Detection of SARS-CoV-2 and a possible variant in shelter cats

Abstract

SARS-CoV-2 is the cause of mild to severe acute respiratory disease that led to significant loss of human lives worldwide between 2019 and 2022. The virus has been detected in various animals including cats and dogs making it a major public health concern and a One Health issue. In this study, conjunctival and pharyngeal swabs (n = 350) and serum samples (n = 350) were collected between July and December 2020 from cats that were housed in an animal shelter and tested for the infection of SARS-CoV-2 using real time reverse-transcription polymerase chain reaction (rRT-PCR) that targeted the N1 and N2 genes, and a SARS-CoV-2 surrogate virus neutralization Test (sVNT), respectively. 203 (58%) swab samples were negative (N1 and N2 not detected), 2 (0.6%) were positive (N1 and N2 detected) and 145 (41%) were inconclusive (only N1 detected). Analysis of the N2 region and multiple sequence alignment revealed base-pair deletions and substitutions in the N2 probe binding region of the feline samples RNA extracts in comparison with the positive control and human SARS-CoV-2 sequences in the GenBank database. Substituting the N2 probe with a probe derived from the cat sample amplicon sequences, 123 of 127 (96.9%) of the N2 negative samples returned positive. All but one of the 350 serum samples were negative for SARS-CoV-2 antibody. These observations indicated that although detection of SARS-CoV-2 infection was low in the samples tested, pet cats can harbor the virus and serve as potential source for virus spread that may lead to human infections. Additionally, cats may harbor a yet-to-be described virus that is somewhat related to SARS-CoV-2.

Fig 1. Gel-Red stained agarose gel of PCR products after conventional PCR using the 2019-nCoV_N2-F and 2019-nCoV_N2-R primers (Table 1) and the cDNA generated from first round amplification by rRT-PCR as template.

The assay produced the expected 67-bp product of SARS-CoV-2 (lanes 2 and 6) in addition to a second product of 60-bp (lanes 3–5; 7–10) respectively. Lanes: M, HaeIII-digested øx174 DNA molecular weight standards; 1, negative control (no template); 2; positive control (ATCC VR-1986D); 3–10, feline pharyngeal and conjunctival samples.

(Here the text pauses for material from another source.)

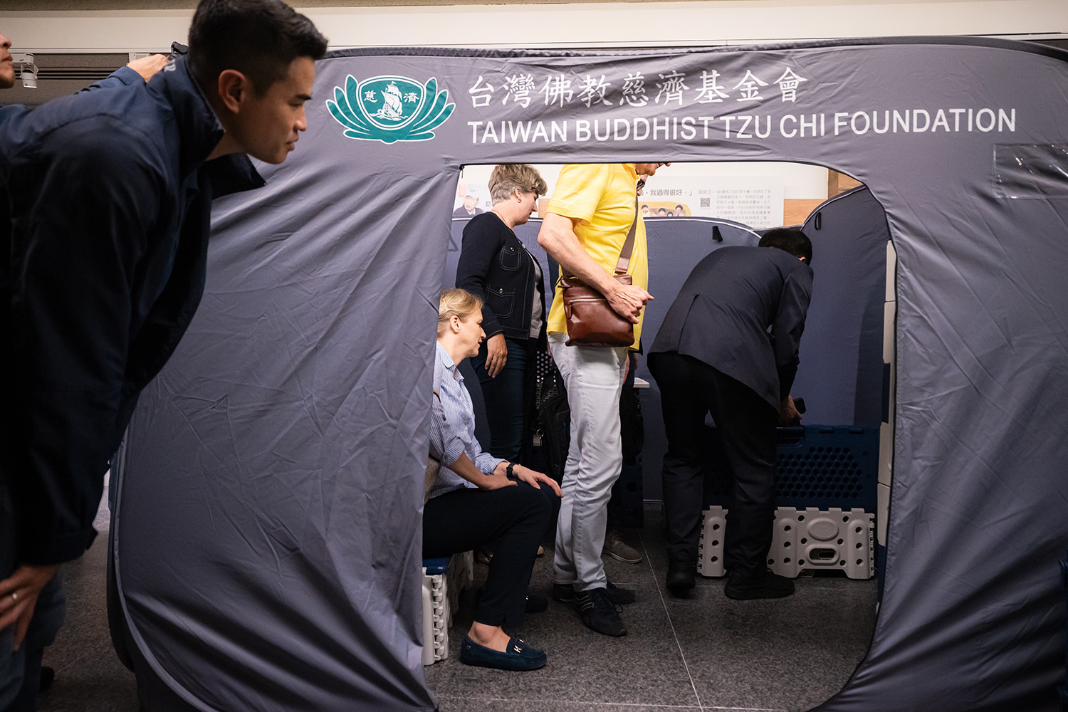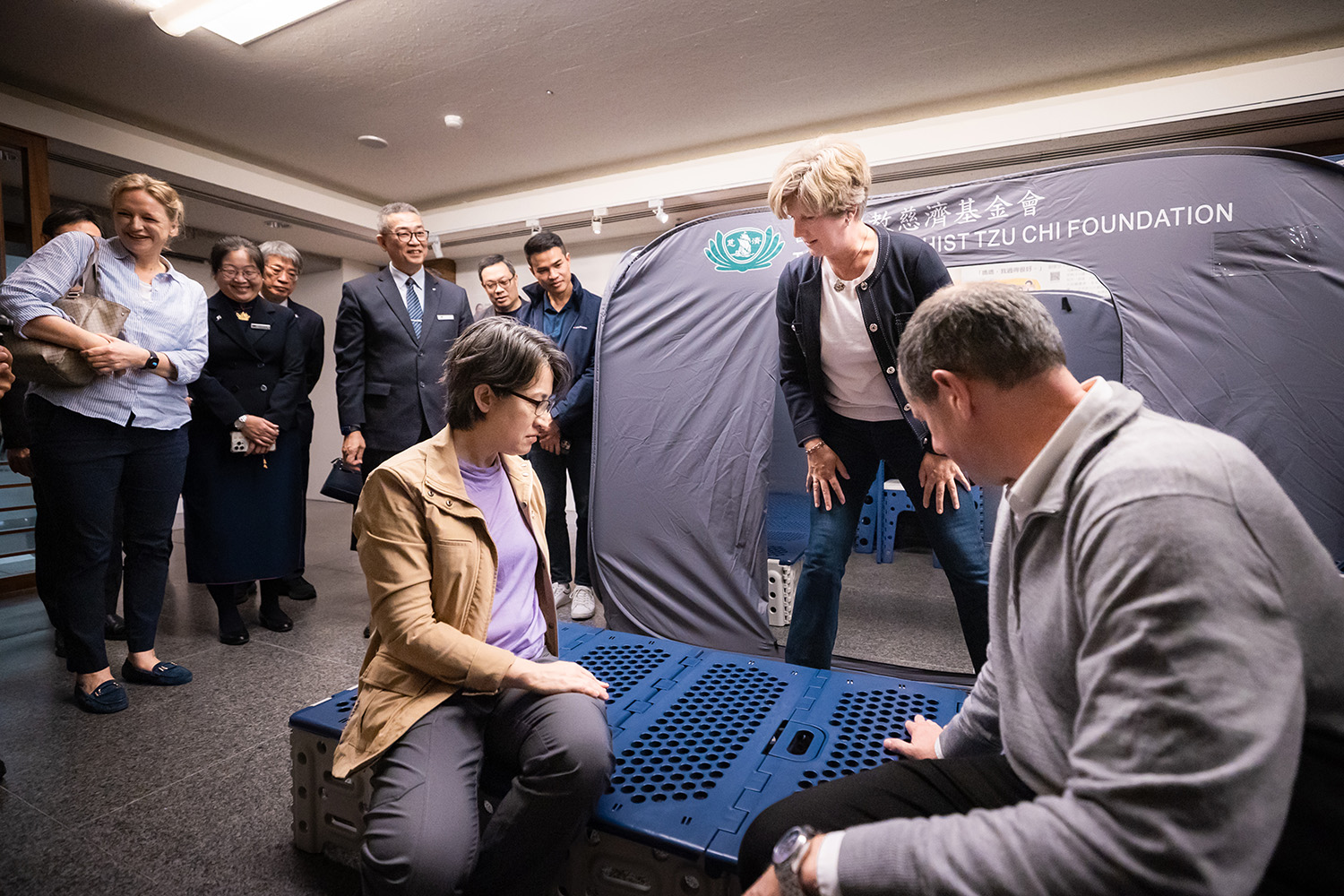 慈濟慈善事業基金會執行長顏博文致歡迎詞,迎賓人員有副執行長張宗義、慈濟大學校長劉怡均、副校長陳宗鷹、主任秘書温蕙甄等慈濟同仁與志工們,以及研發災民安置用品的蔡昇倫博士,展示可折疊、收納的工具,說明研發理念來自證嚴法師對災民的悲心與尊重。

Fig 2. SARS-CoV-2 N2 gene region sequence alignment.

Alignment of the nucleotide sequences of the N2 gene region of SARS-CoV-2 from human source (GenBank accession number OR855668.1) with sequences derived from nucleic acid extracts from cat samples. The deletion is boxed and marked with hashes. Base-pair substitutions are boxed. The 2019-nCoV_N2-P and N2-CPR probes are indicated on top of the figure.

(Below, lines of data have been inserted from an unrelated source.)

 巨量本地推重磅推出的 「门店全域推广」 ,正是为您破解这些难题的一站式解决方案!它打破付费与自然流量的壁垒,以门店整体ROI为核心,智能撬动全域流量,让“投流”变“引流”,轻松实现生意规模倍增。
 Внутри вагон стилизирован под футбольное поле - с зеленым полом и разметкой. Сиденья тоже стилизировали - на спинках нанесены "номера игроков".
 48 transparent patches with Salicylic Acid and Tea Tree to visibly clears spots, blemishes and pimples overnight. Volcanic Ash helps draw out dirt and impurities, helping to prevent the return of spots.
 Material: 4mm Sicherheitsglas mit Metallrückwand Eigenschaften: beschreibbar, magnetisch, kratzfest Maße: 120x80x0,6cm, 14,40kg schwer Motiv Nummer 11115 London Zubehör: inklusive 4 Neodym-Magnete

Fig 3. Phylogenetic analysis.

Analysis of the nucleotide sequences of the N2 gene region of SARS-CoV-2 and sequences derived from nucleic acid extracts from cat samples using the neighbor joining method showed that the sequences clustered into two distinct groups according to sequence types and are separated from each other with an inter-cluster distance of 0.167. One group consisted of the sequences of SARS-CoV-19 from human at the GenBank database (accession number OR855668.1) and a confirmed positive cat case (643464). The second group consisted of sequences obtained from feline samples RNA extracts consisting of deletion and substitutions compared with the CDC N2 primers probe binding region. The feline sequences were indistinguishable and somewhat related to SARS-CoV-2.